------ Supplied information ------

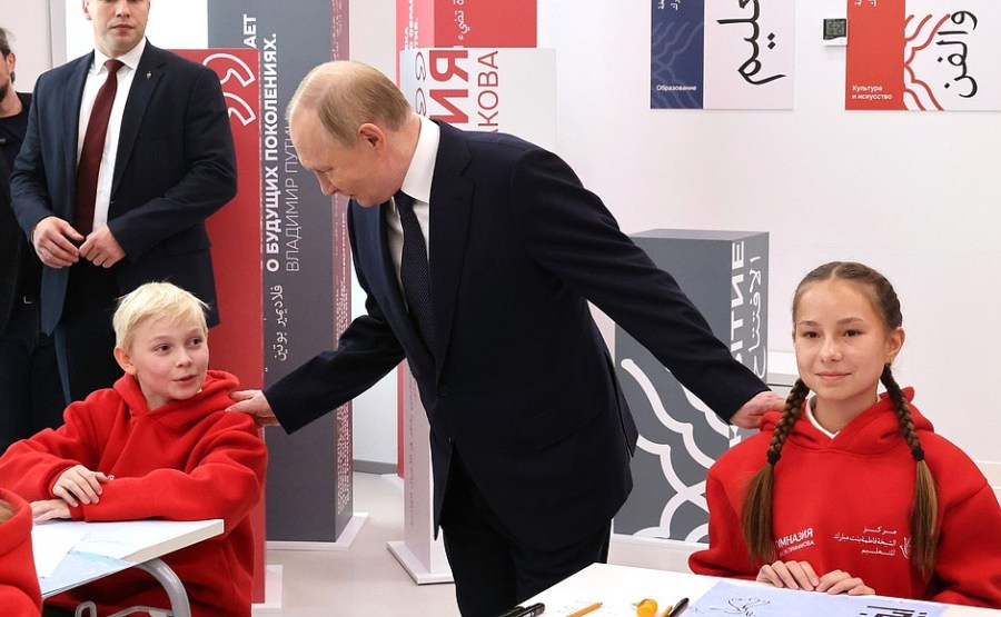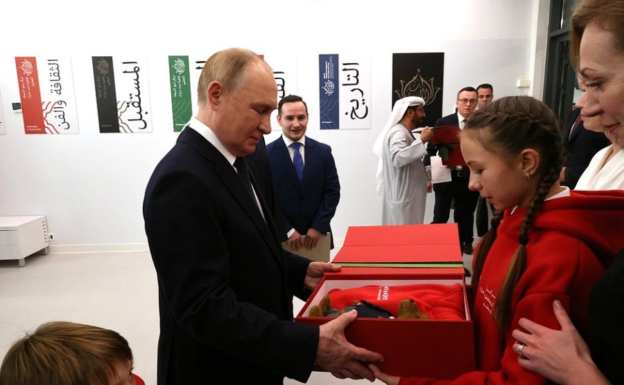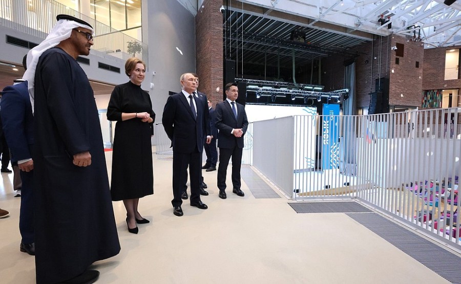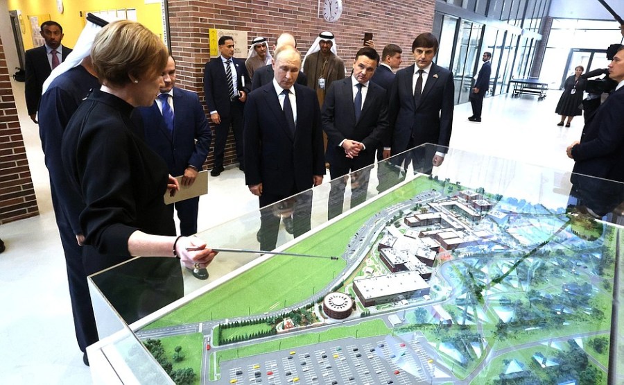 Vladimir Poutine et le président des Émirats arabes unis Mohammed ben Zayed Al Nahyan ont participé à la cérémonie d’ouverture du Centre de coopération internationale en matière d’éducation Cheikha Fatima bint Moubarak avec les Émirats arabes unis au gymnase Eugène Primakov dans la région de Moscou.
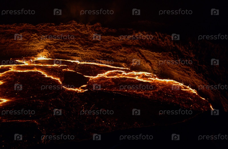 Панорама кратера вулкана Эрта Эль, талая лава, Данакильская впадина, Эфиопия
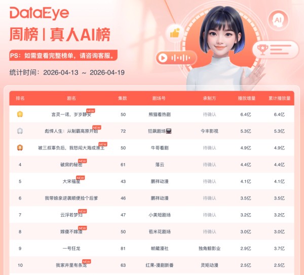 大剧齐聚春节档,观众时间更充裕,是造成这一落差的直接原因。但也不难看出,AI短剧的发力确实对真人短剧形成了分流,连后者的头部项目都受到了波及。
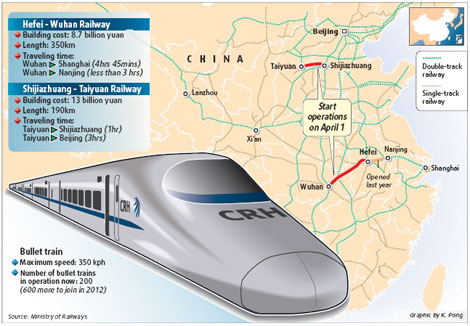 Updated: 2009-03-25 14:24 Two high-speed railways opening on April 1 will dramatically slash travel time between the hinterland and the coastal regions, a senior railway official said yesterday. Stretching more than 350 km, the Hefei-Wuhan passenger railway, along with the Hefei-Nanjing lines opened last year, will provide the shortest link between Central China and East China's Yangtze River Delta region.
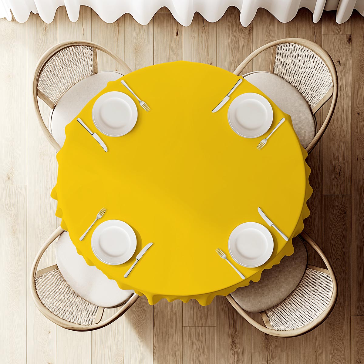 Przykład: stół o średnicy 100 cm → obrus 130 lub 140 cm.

------

* [What you should do]: Omit the pictures, then extract verbatim only those lines that fall between the line containing "Панорама кратера вулкана" and the final line of the records above, both included.

* [Task response]:
 Панорама кратера вулкана Эрта Эль, талая лава, Данакильская впадина, Эфиопия
 大剧齐聚春节档,观众时间更充裕,是造成这一落差的直接原因。但也不难看出,AI短剧的发力确实对真人短剧形成了分流,连后者的头部项目都受到了波及。
 Updated: 2009-03-25 14:24 Two high-speed railways opening on April 1 will dramatically slash travel time between the hinterland and the coastal regions, a senior railway official said yesterday. Stretching more than 350 km, the Hefei-Wuhan passenger railway, along with the Hefei-Nanjing lines opened last year, will provide the shortest link between Central China and East China's Yangtze River Delta region.
 Przykład: stół o średnicy 100 cm → obrus 130 lub 140 cm.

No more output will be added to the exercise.